◆ What needs to be done ◆
Skip the pictures. Output only the lines below starting at the line with "宮古市の本庁舎の窓口エリアに" and ending at the line with "PCI 슬롯을 나사를 풀고 분리한 다음, 그래픽카드를 장착 및 고정 합니다.", both ends included, exactly as they are.

Source data
━━━━

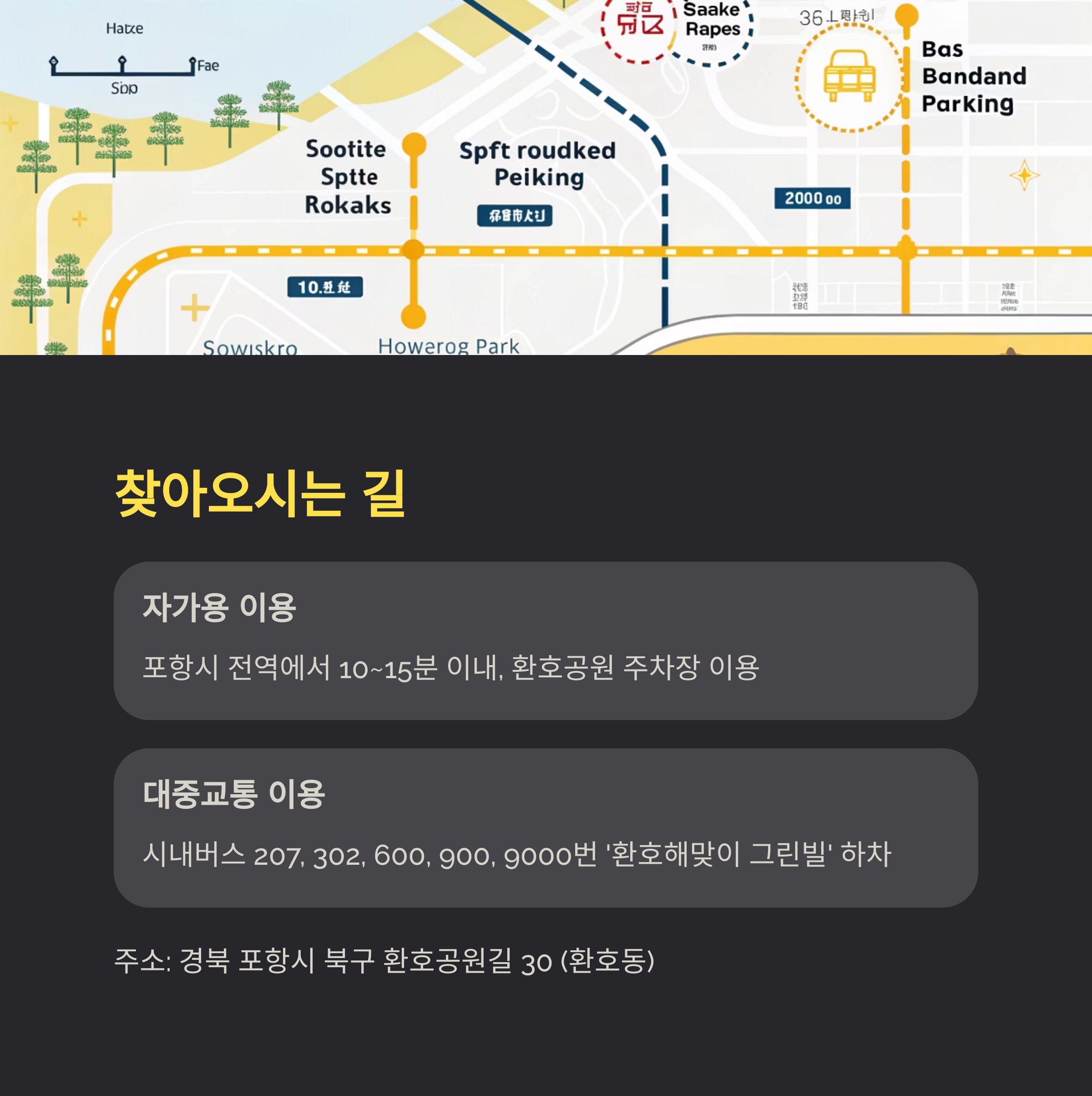 - 대중교통 이용 시: 시내버스 207, 302, 600, 900, 9000번을 이용한 후 '환호해맞이 그린빌' 정류장에서 하차하면 됩니다.
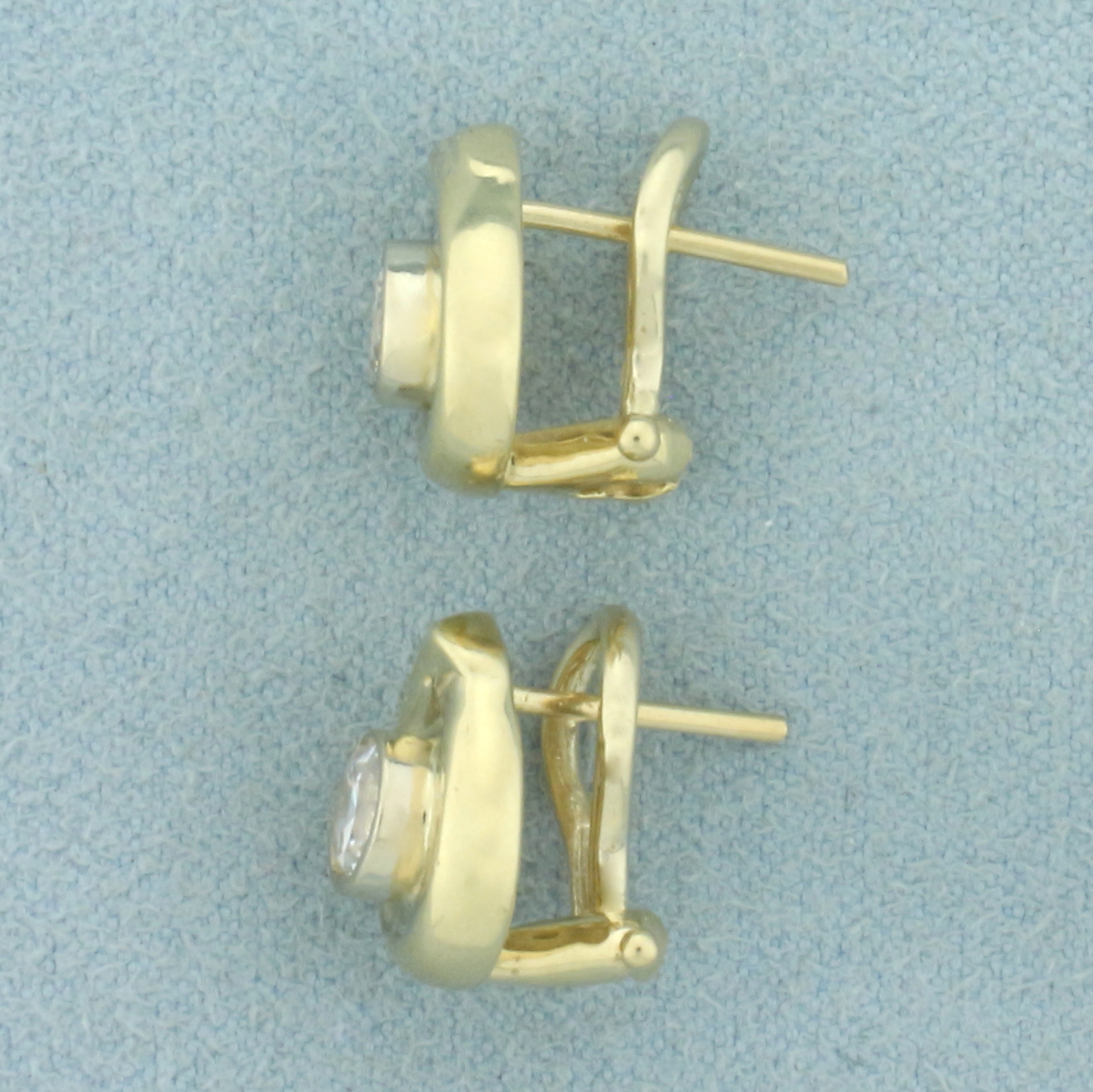 In 18k yellow gold. Contains two high quality CZ gemstones, 3/4ct TW, with excellent cut and clarity for added brilliance. 3/8 inches long and 3/8 inches wide. Omega backs. 4.6g.
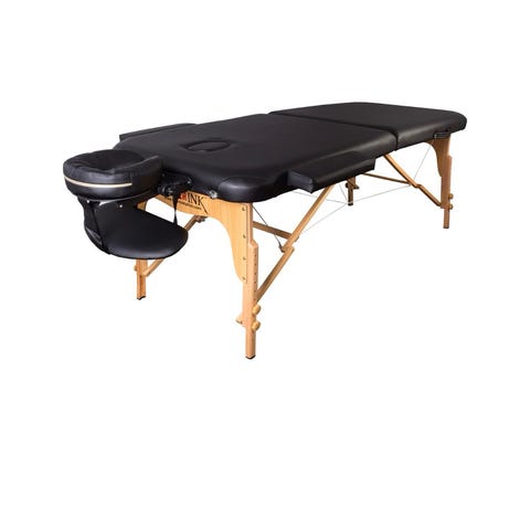 Massagebriks i sammenklappeligt design med sort polstring i kunstlæder og stel i træ. Bordet har polstret liggeflade samt tilbehør som hovedstøtte og puder. Egnet til massage, behandling og velvære i hjemmet eller klinik. Stabil konstruktion med justerbare ben for tilpasning af arbejdshøjde.
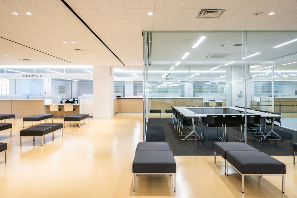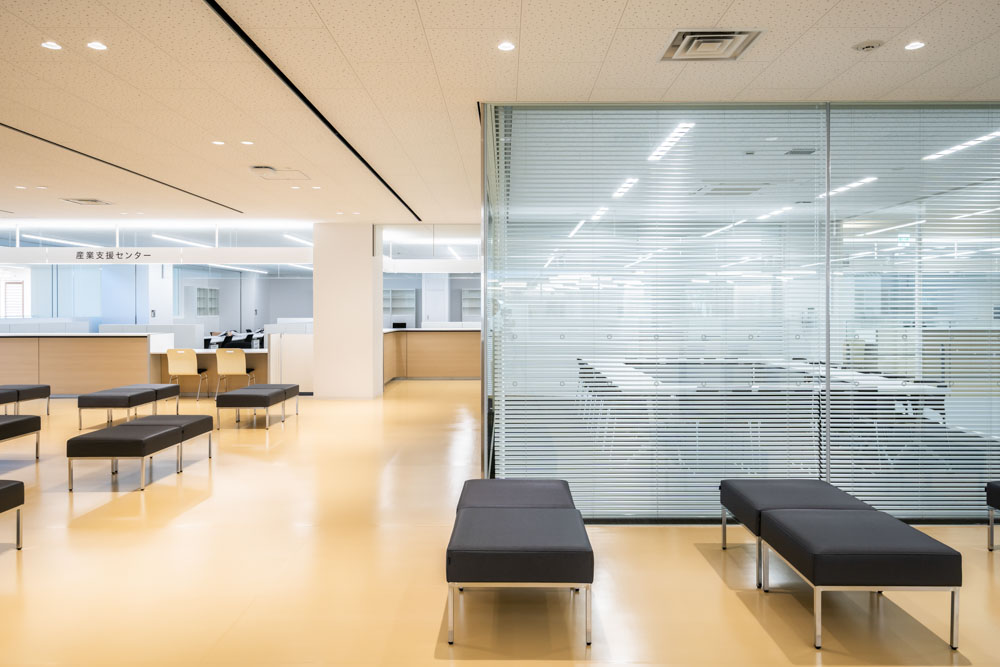 宮古市の本庁舎の窓口エリアに、横型のアルミブラインドを施工した事例です。庁舎のほとんどの部分を同じブラインドで収めています。アルミブラインドは、遮光、遮熱など、機能性にすぐれ、またカラーも豊富なバリエーションから選べます。
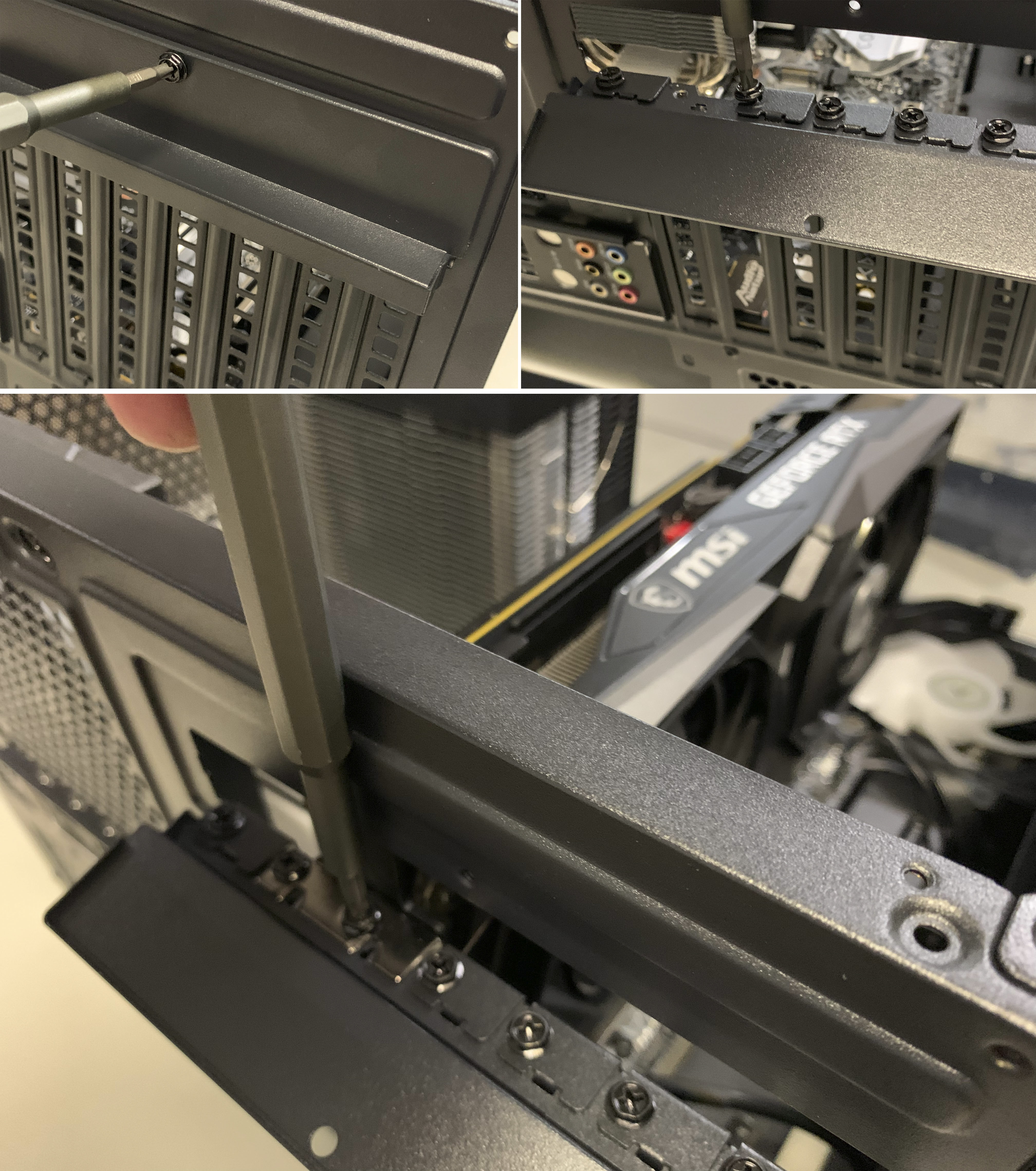 PCI 슬롯을 나사를 풀고 분리한 다음, 그래픽카드를 장착 및 고정 합니다.
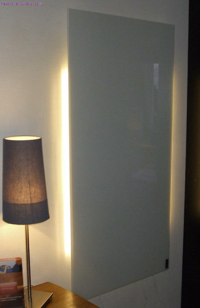 Infrarot Glasheizung mit weißem (RAL 9016 Verkehrsweiß) oder schwarzem (RAL 9017 Verkehrsschwarz) Glas, rahmenlos mit Metallrückwand.
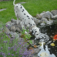 Ook zijn we op bezoek geweest bij Devil (Sir Devil of the Three Turnips). Daar ben ik in de vijver met koikarpers gesprongen, oeps J Gelukkig vond niemand het erg, en de vissen vonden mij wel leuk want die kwamen iedere keer kijken als ik water ging drinken.
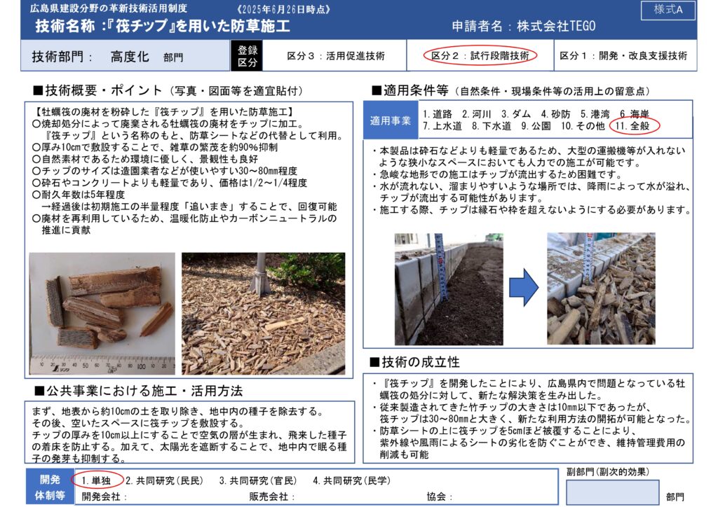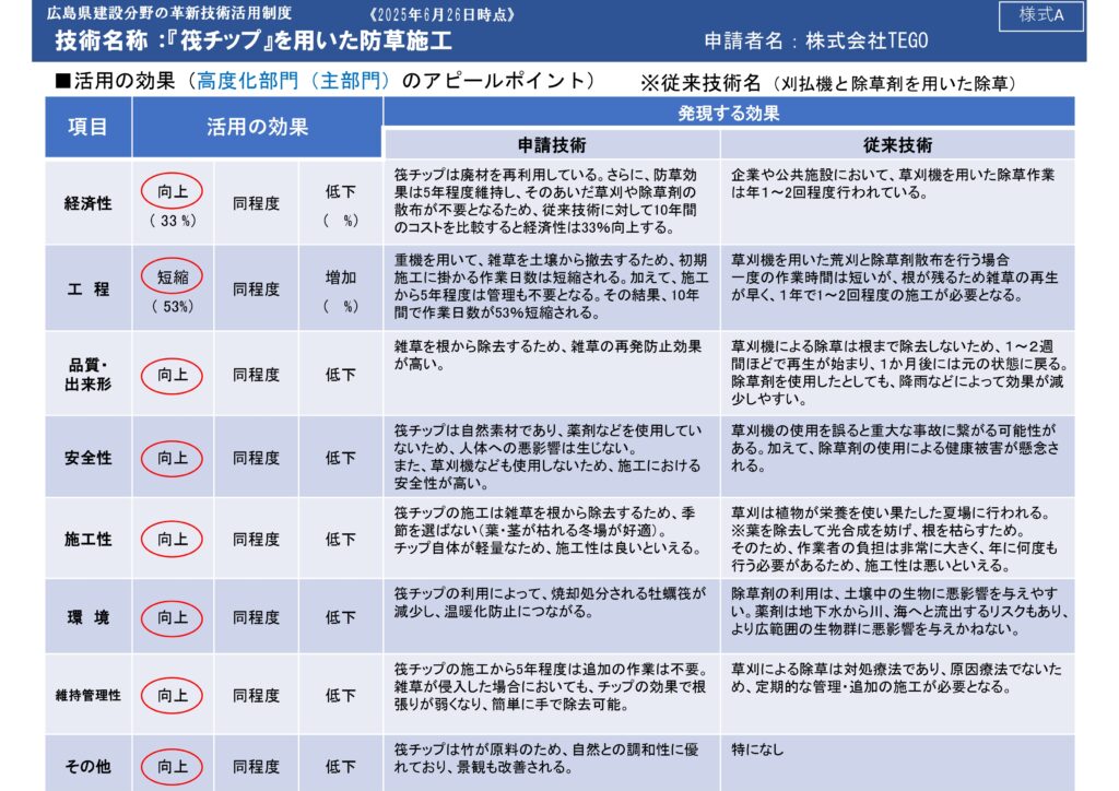 このたび、当社の防草資材『筏チップ』が、「広島県 建設分野の革新技術活用制度」において、
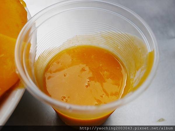 芒果吃完已經很飽,牛奶冰還有怎麼辦?加入店家給的芒果醬杯,請店家封杯後,
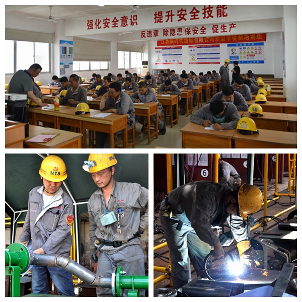 技能比武大賽共分為基礎(chǔ)理論和實(shí)踐操作競(jìng)賽兩大項(xiàng)目,為開(kāi)展好技能比武大賽,賽前制定了實(shí)施方案,明確了活動(dòng)流程、評(píng)分規(guī)則、競(jìng)賽紀(jì)律、考評(píng)要求、成績(jī)公示和獎(jiǎng)勵(lì)措施等辦法和要求。6月22日下午,機(jī)裝部、甲裝部和居裝部等部門(mén)共39名選手參加了船舶管工理論知識(shí)競(jìng)賽。理論競(jìng)賽完畢后,隨即開(kāi)展了根據(jù)現(xiàn)場(chǎng)材料和設(shè)計(jì)要求,進(jìn)行放樣繪圖比賽。6月29日,在教育科西區(qū)培訓(xùn)場(chǎng)地,首批居裝部、甲裝部選手開(kāi)展了按圖校管和安裝的實(shí)踐操作比賽。為達(dá)到以賽促學(xué)的活動(dòng)效果,考評(píng)人員現(xiàn)場(chǎng)為選手作品進(jìn)行一一點(diǎn)評(píng),并進(jìn)行打分。7月6日,機(jī)裝部選手實(shí)踐操作比武如期舉行。
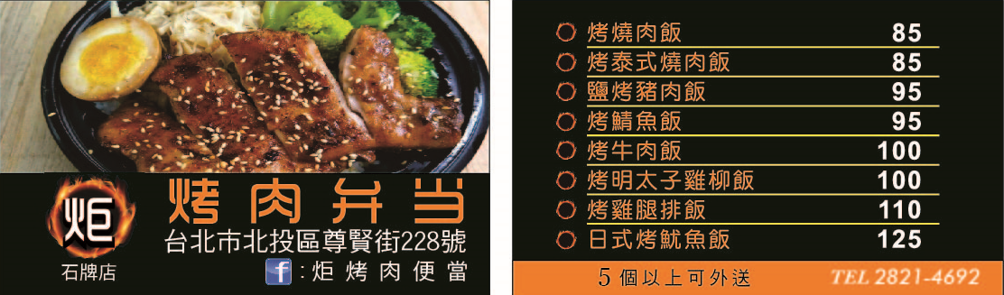分別在安坑及石牌區皆有設店的炬烤肉弁当,每到了用餐時間總是門庭若市,有多款精緻美味的烤肉飯可以讓您挑選 ~ 讓午、晚餐還想不到吃什麼的您,可以有新的嘗試與選擇喲!
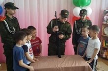 Сегодня в гости к воспитанникам пришли кадеты «СОШ 1 с УИОП» города Буинска. Офицер воспитатель Галимов Р.З.рассказал детям о том, как это почетно и ответственно быть защитником своей страны. Он познакомил детей с жизнью кадетского класса. Офицер-воспитатель продемонстрировал детям автомат Калашникова, а его ученик показал приемы сборки и разборки автомата. Любознательные малыши поучаствовали в строевой подготовке вместе с кадетами. Гости пожелали дошкольникам расти настоящими патриотами Родины.
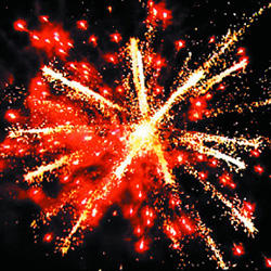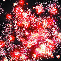 6. Красная сфера (пион) и облако треска (трещащая хризантема).
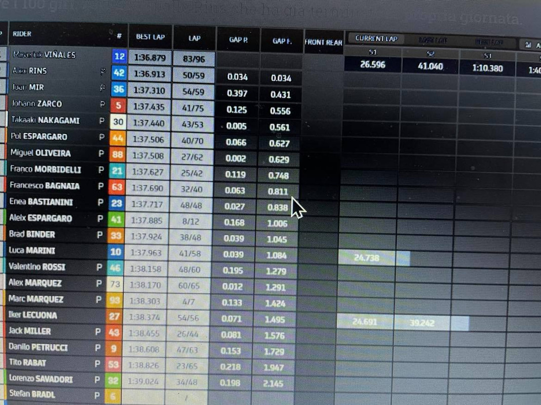 Non ci sono grandi novità se non il nuovo miglior riferimento tornato nelle mani di Vinales con 1.36.876. Maverick ha percorso quasi un centinaio di giri oggi.

━━━━

◆ The answer ◆
 宮古市の本庁舎の窓口エリアに、横型のアルミブラインドを施工した事例です。庁舎のほとんどの部分を同じブラインドで収めています。アルミブラインドは、遮光、遮熱など、機能性にすぐれ、またカラーも豊富なバリエーションから選べます。
 PCI 슬롯을 나사를 풀고 분리한 다음, 그래픽카드를 장착 및 고정 합니다.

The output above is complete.